__GIVEN INFORMATION__.
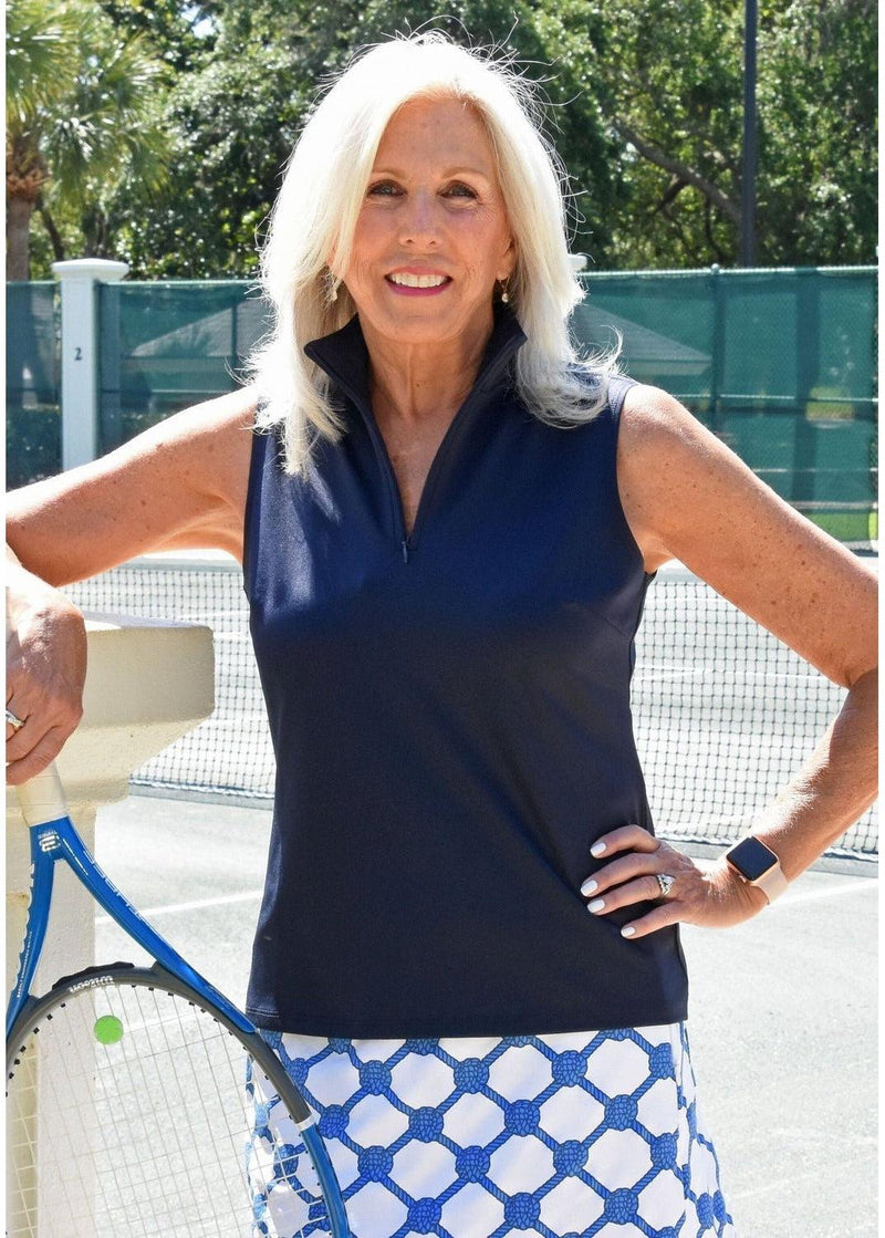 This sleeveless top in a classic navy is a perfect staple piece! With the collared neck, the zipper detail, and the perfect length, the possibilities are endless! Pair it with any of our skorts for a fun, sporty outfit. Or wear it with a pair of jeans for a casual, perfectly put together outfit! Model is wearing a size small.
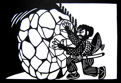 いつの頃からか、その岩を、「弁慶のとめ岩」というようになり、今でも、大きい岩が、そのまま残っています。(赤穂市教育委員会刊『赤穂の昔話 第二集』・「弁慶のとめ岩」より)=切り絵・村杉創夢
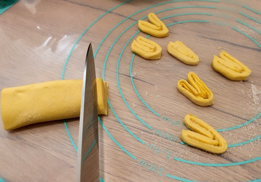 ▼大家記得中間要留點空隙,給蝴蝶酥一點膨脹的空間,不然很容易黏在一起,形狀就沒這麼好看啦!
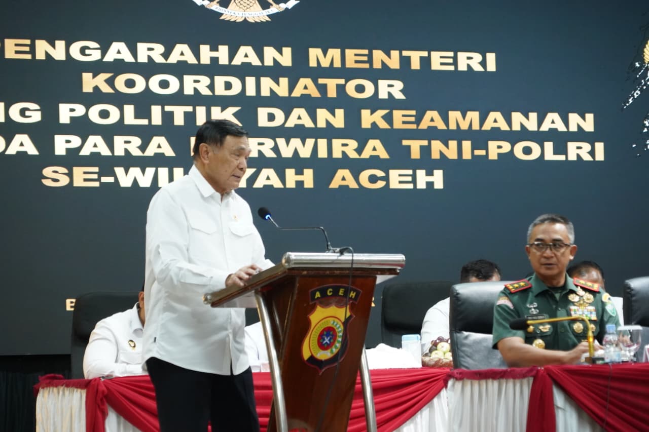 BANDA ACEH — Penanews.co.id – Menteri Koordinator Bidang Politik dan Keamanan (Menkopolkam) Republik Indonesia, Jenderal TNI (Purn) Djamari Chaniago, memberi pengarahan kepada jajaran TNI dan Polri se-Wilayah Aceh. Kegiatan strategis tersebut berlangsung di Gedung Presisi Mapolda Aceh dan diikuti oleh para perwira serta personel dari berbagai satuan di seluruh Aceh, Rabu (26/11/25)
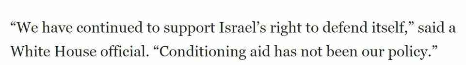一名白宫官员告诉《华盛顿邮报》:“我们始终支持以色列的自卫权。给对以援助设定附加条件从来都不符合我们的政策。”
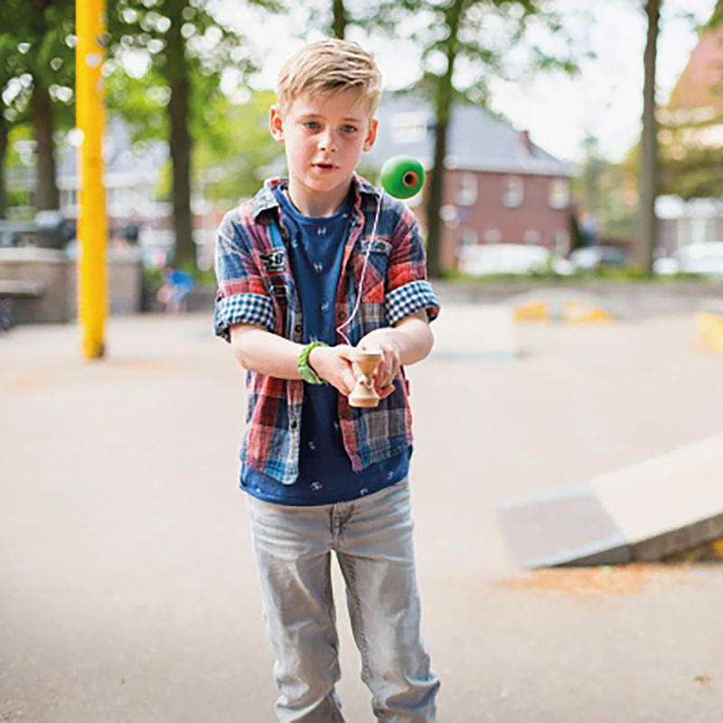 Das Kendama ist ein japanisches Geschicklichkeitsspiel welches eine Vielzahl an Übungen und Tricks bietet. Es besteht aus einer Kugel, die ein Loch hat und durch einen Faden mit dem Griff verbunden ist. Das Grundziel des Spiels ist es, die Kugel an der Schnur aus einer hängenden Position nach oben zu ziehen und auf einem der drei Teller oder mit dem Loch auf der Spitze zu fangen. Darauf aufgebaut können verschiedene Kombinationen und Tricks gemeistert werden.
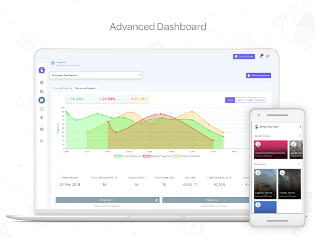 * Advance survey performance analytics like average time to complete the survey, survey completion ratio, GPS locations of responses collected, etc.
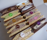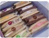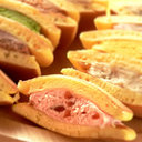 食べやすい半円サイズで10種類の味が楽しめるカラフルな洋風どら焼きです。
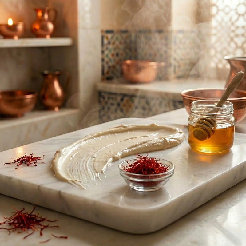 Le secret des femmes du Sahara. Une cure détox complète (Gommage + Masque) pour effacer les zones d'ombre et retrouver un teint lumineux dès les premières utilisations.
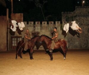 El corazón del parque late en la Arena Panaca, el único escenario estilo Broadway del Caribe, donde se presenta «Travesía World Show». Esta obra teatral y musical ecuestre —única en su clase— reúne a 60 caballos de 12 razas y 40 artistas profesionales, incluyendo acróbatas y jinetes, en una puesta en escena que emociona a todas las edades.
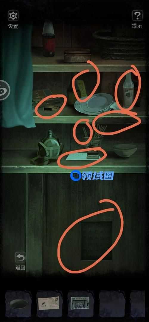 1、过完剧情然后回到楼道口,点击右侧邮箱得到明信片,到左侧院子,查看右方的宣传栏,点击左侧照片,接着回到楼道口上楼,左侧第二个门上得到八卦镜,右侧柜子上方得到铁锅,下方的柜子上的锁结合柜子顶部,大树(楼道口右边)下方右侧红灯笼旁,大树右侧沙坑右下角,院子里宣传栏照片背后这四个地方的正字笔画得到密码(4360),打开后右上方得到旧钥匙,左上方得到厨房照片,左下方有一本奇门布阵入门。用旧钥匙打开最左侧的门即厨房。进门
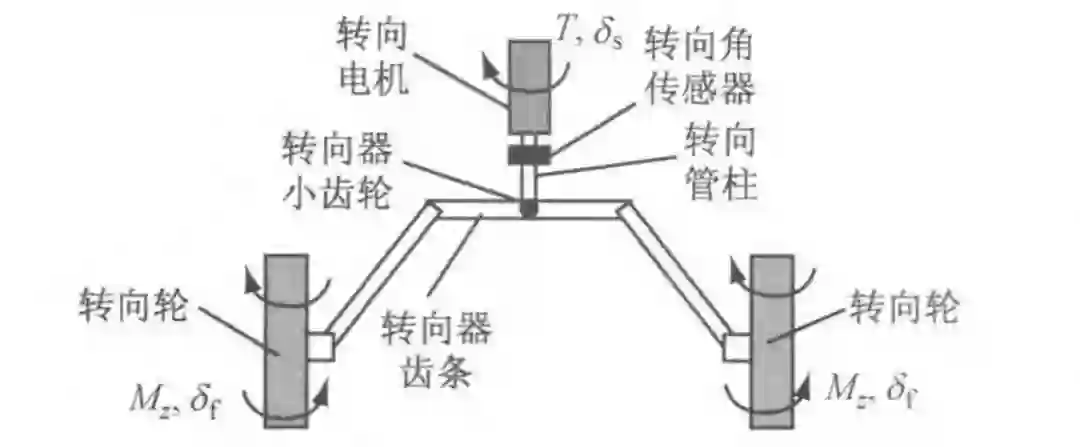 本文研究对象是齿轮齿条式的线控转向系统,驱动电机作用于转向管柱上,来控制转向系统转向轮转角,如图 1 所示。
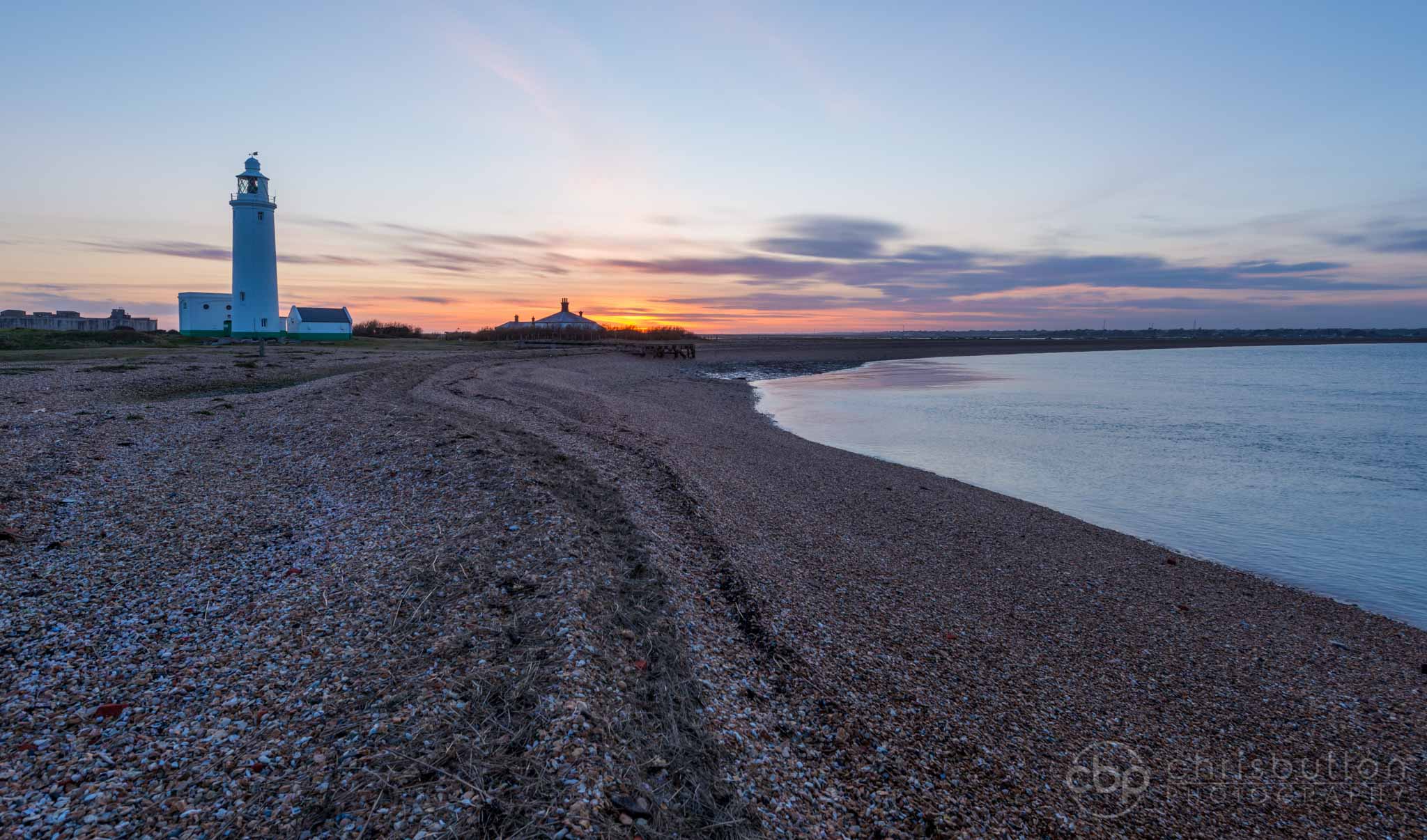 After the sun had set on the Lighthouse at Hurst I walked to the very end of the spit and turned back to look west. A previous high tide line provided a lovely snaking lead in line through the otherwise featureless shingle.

__WORK ORDER__.
Give back exactly the lines of the listing above from the one that contains "Le secret des" up to and including the one that contains "本文研究对象是齿轮齿条式的线控转向系统,驱动电机作用于转向管柱上,来控制转向系统转向轮转角,如图 1 所示。", but not the pictures, and no other lines.

__RESPONSE__.
 Le secret des femmes du Sahara. Une cure détox complète (Gommage + Masque) pour effacer les zones d'ombre et retrouver un teint lumineux dès les premières utilisations.
 El corazón del parque late en la Arena Panaca, el único escenario estilo Broadway del Caribe, donde se presenta «Travesía World Show». Esta obra teatral y musical ecuestre —única en su clase— reúne a 60 caballos de 12 razas y 40 artistas profesionales, incluyendo acróbatas y jinetes, en una puesta en escena que emociona a todas las edades.
 1、过完剧情然后回到楼道口,点击右侧邮箱得到明信片,到左侧院子,查看右方的宣传栏,点击左侧照片,接着回到楼道口上楼,左侧第二个门上得到八卦镜,右侧柜子上方得到铁锅,下方的柜子上的锁结合柜子顶部,大树(楼道口右边)下方右侧红灯笼旁,大树右侧沙坑右下角,院子里宣传栏照片背后这四个地方的正字笔画得到密码(4360),打开后右上方得到旧钥匙,左上方得到厨房照片,左下方有一本奇门布阵入门。用旧钥匙打开最左侧的门即厨房。进门
 本文研究对象是齿轮齿条式的线控转向系统,驱动电机作用于转向管柱上,来控制转向系统转向轮转角,如图 1 所示。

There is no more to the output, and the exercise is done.